Fructose-1,6-bisphosphate aldolase (ALD) and enolase (ENO) from the glycolytic pathway, and pyruvate decarboxylase (PDC) and alcohol dehydrogenase 2 (ADH2) from the ethanolic fermentative pathway, are enzymes previously identified as among those synthesized selectively in O2-deficient roots of maize (Zea mays L). The present study measured levels of transcripts representing these two pathways in 5-mm root tips, root axes (the remainder of the primary seminal root), and shoots of maize seedlings to determine how closely both pathways were co-induced and how they were modulated by changes in O2 concentration.
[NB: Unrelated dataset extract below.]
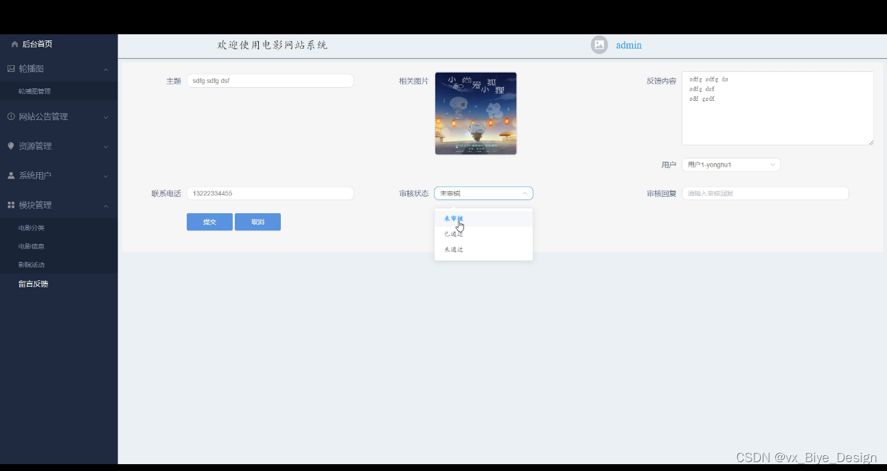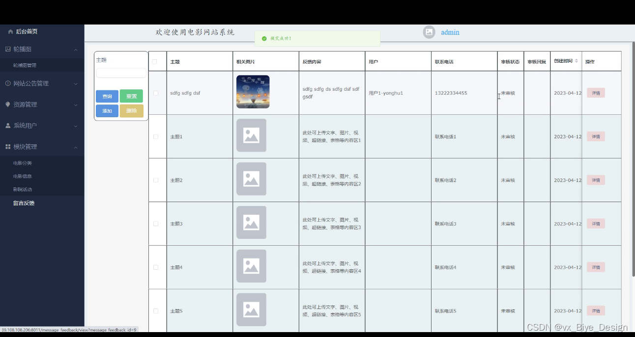 留言反馈,管理员在此界面可维护管理用户提交的留言反馈,还可在此页面对进行重置,删除,添加,审核等操作,如下图所示:

In hypoxic seedlings with the roots in solution sparged with 4% (v/v) O2 (balance N2) and the shoots in the same gaseous atmosphere, mRNAs for Pdc1 and Adh2 in root tips both increased about 15-fold during the first 12 h, followed by a decline toward initial levels by 18 to 24 h. Message levels for Ald1 and Eno1 showed only small changes during hypoxia. When expression was examined under anoxia, the extent to which all four mRNAs increased in different tissues depended on whether the seedlings had been previously acclimated to hypoxia or were anoxically shocked. The results show that although all the genes examined increased expression during hypoxia and/or anoxia, they differed in the rapidity and magnitude of the response and in the time to reach maximal message levels: there was no common pattern of change of message levels for the glycolytic or for the fermentative enzymes.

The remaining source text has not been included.